Marianne Willmann (née Anna Maria Antonetta de Tribolet; 17 February 1768 – 21 April 1813) was a German operatic soprano. She was one of a family of musicians.

==Life==
Marianne was born in Paderborn in 1768, the daughter of a professor of French at the University of Bonn. She did not belong to the Court music of Bonn, but sang in the opera, her first recorded appearance being in November 1790.

She married in 1793 Ignaz Willmann (1739–1815), a musician, who played flute, violin and cello. She was his second wife, becoming stepmother to Maximilian, Walburga and Magdalena Willmann. Their daughter Caroline, an opera singer, was born in 1796.

Marianne accompanied Ignaz and Magdalena to Venice in 1793; she sang in Graz the next year, and in 1795 made her first appearance in Vienna, in Ignaz Umlauf's Die Schöne Schusterin, and "greatly pleased". In Hamburg (20 September to 4 October 1801) she sang to crowded houses, departing from the city, wrote the correspondent of the Allgemeine musikalische Zeitung, "delighted with her extraordinary reception and emoluments."

In 1803 she sang at the Theater an der Wien in Vienna, and in July 1804 in Munich.
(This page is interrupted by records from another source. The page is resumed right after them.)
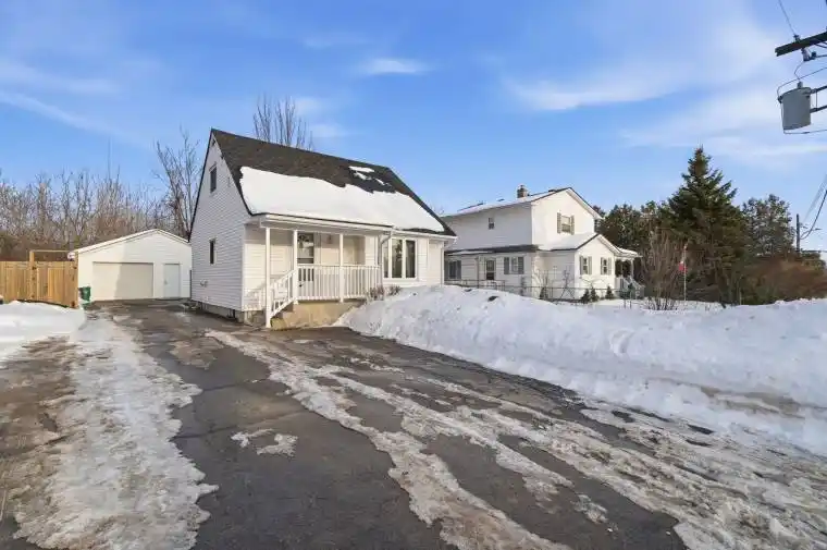 Adorable 1 1/2 storey home in Belleville’s desirable east end, just minutes to the hospital, waterfront trails, groceries, LCBO and more! This move-in ready home has been beautifully refurbished from top to bottom and features 2 bedrooms, 2 bathrooms, fresh paint, some new flooring, and an abundance of windows that fill the space with natural light. The dining room offers a walkout to a large deck overlooking peaceful open space with no rear neighbours. Major updates include a new heat pump (2026), new kitchen countertop (2026), and roof (2024). The finished basement provides a spacious rec room plus two additional rooms ideal for a den and home office, with potential for future bedroom conversion. Partially fenced yard and a detached double car garage complete this charming property. A wonderful home in a fantastic location!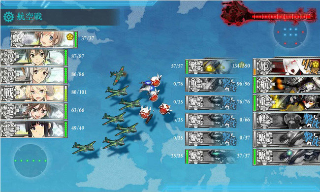 そして6-5ボス戦・・・艦これ初となる、敵の連合艦隊編成!・・・ですが、何しろ基地航空隊の存在が大きい!基地航空隊の4回に渡る攻撃と、艦隊の艦載機による開幕攻撃で敵の半数以上を無力化する事も可能なので、決して無理ゲーではないです。まぁこれと言うのも、これまでコツコツと基地航空隊を育成して来たから言える事なのかもしれませんが。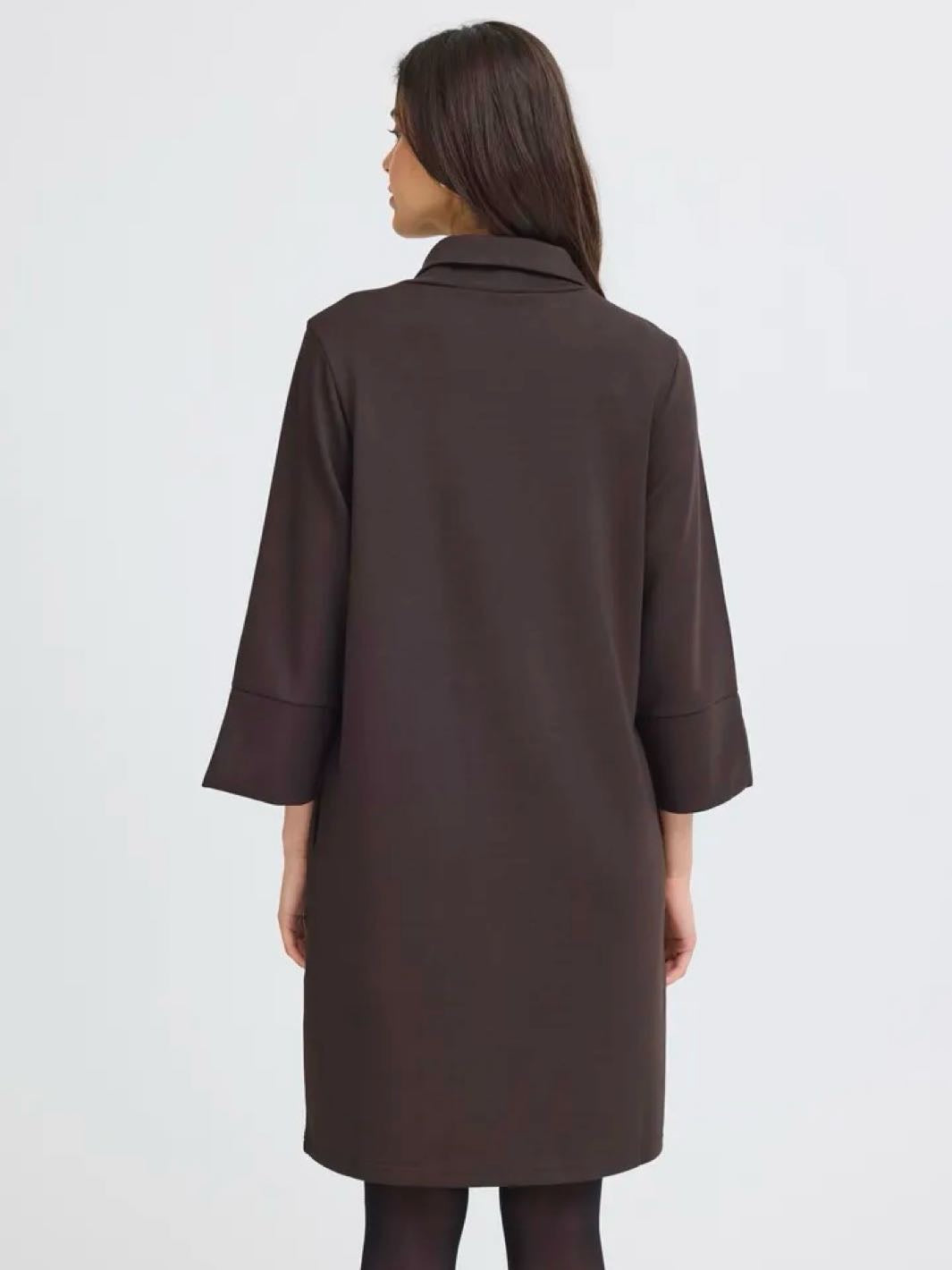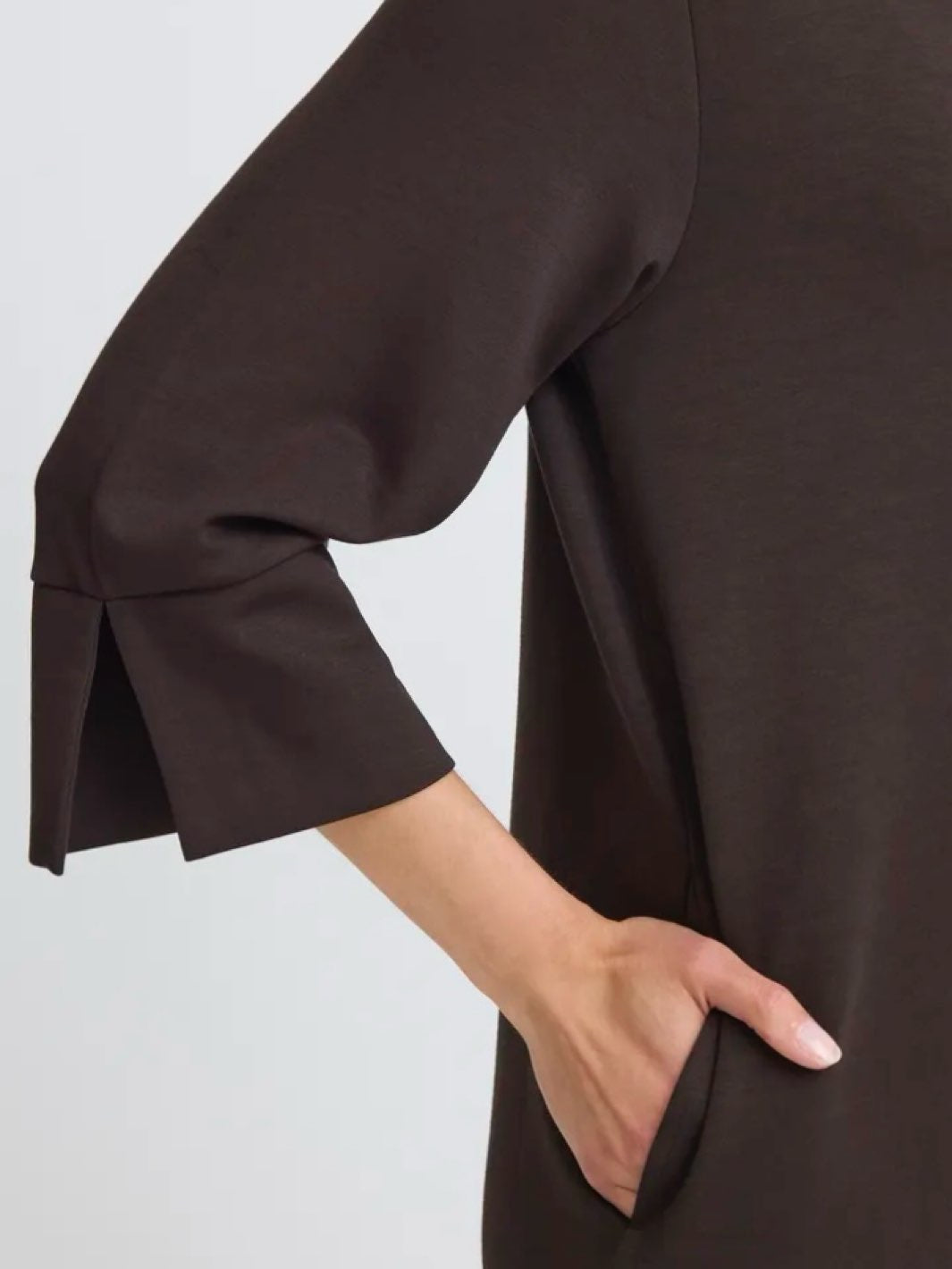 Myk og herlig kjole med høy hals, 3/4 korte ermer og en avslappet passform. Kjolen har to lommer foran!

She was next engaged for the Opera in Kassel. Upon the organisation of Jérôme Bonaparte's French Theatre there, she retired for a time, and sang only in concerts, including a concert for Ferdinand Ries in January 1811. In October and November of that year she was again in Munich, where she was a favourite, and returned to Munich in March 1812 to take part in a concert.

Marianne died in 1813 in Klosterneuburg. The correspondent of a Leipzig journal summed up her qualities thus: "A splendid execution, an imposing voice, practised skill and science in singing, distinguish her most favourably above many celebrities."